Valley Exit. The integration had been promised in the November 1957 agreement between the government and the rebel Pathet Lao, who then controlled two of the nation's northern provinces under the leadership of Prince Souphanouvong, pro-Red cousin of the King of Laos. "I signed the agreement," said the prince. "I guarantee it will be respected. If the Pathet Lao battalions don't respect the agreement, I no longer consider them friends." To the Laotian government and the army, integration meant that the Communist troops would be parceled out in small numbers among the other troops; to the Red commanders, it meant that their battalions would be made royal but remain intact, always ready for action against the government.

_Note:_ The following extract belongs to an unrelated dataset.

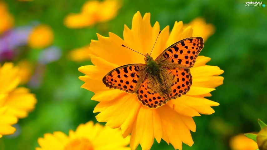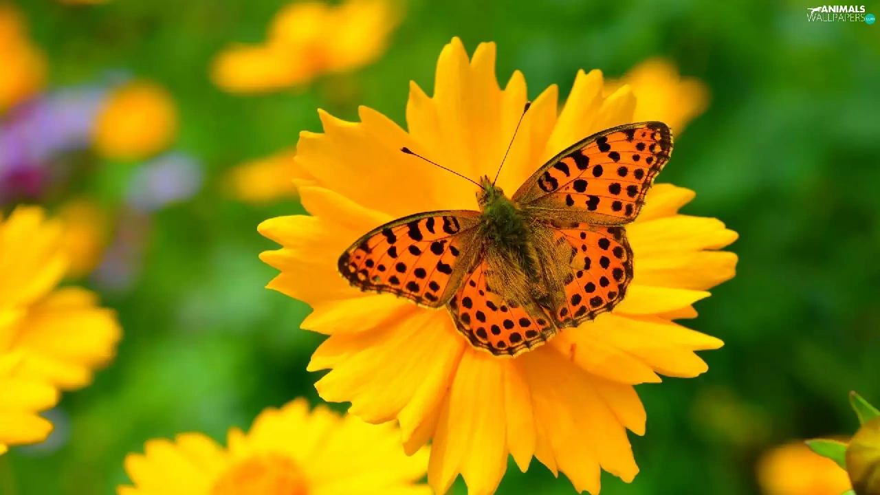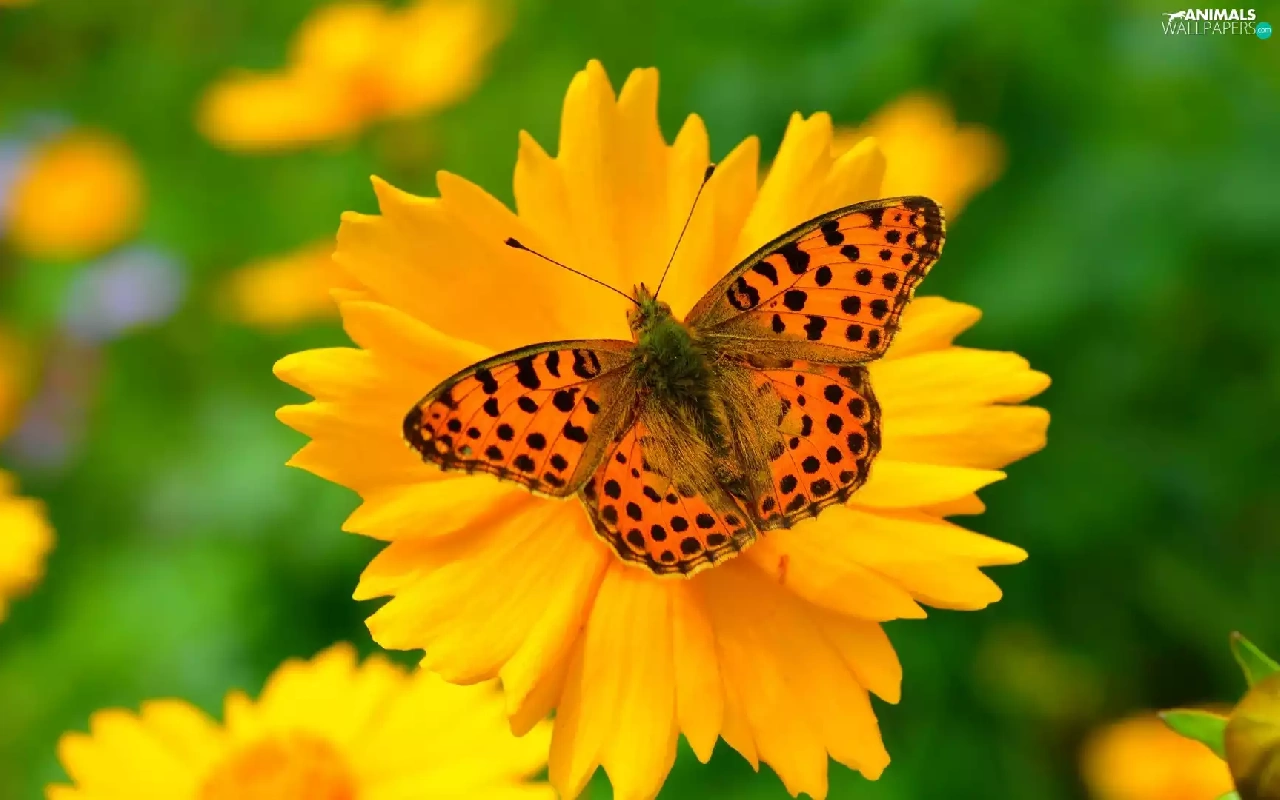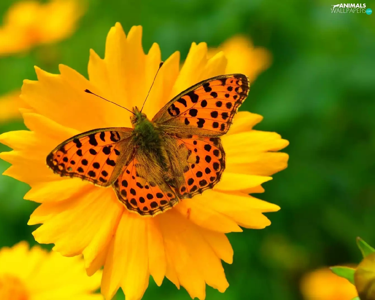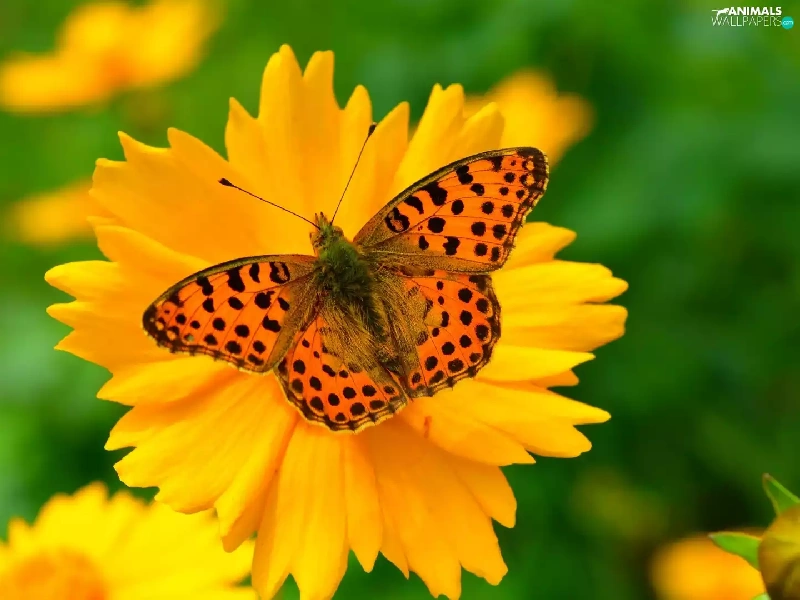 butterfly, Yellow, Flower, Queen of Spain Fritillary

Neither side would budge. One Red battalion was encamped in a small valley called Xieng Ngeun, twelve miles from the ancient capital city of Luang Prabang, and the only exit from the valley was guarded by two Royal Laotian battalions and a detachment of paratroopers. The other was stationed on the wide Plaine des Jarres in north Laos, surrounded by four heavily armed loyal battalions. The Royal Laos handed ultimatums to the Reds, giving them the choice of surrendering their arms and being integrated, or being wiped out; food supplies were cut off. At Xieng Ngeun, his hungry men on the edge of mutiny, the Red commander capitulated, marched out of the valley at the head of his unarmed troops. When he was searched, the Red leader angrily cried that it was an "un-Buddhist" action. It was also a valuable one, for on his person was found a letter from Red Prince Souphanouvong ordering him not to accept integration until after the next general election.

Told of the surrender at Xieng Ngeun, the Red battalion on the Plaine des Jarres promised its own answer at noon the next day. The loyal troops surrounding them gave their future brothers-in-arms food and water, fraternized openly. Vigilance relaxed. And when the loyal troops awoke next morning, they found the Reds had decamped during the night, taking their women and children with them.

Jungle Search. General Ouane came storming up to the Plaine des Jarres. ordered paratroops dropped to block the four escape routes to the North Viet Nam border, where Communist Ho Chi Minh was eager to welcome his fleeing comrades from Laos. The stumbling flight of the Reds was halted by armed peasants loyal to the government, who fired on them. The pursuing royal troops closed in, and General Ouane demanded surrender by dawn.

There was no reply and, at sunrise, the attack began. But soon after, word came in from the rebels that they wanted to talk. General Ouane jumped into a light Beaver reconnaissance plane and circled the area, hedgehopping as low as the pilot dared. Said the general: "Finally I spotted my advance patrols through the thick jungle foliage. I flew over them with wings waggling until they halted and I was able to radio that the advance should stop. They were only a few hundred yards from the Communists. If I had arrived a few minutes later, it would have meant the beginning of civil war."

At week's end, as all Laos celebrated the annual fertility festival with phallic symbols, copulating puppets, and men dancing in the streets in women's clothes, the Communist military threat to the state seemed to be disintegrating. Troops from the first Red battalion had been scattered piecemeal throughout the army; Red Prince Souphanouvong languished under house arrest; the battalion of the Plaine des Jarres was on the point of surrender. Was the Red threat over? Said a government spokesman: "Who knows? They've lied so many times before."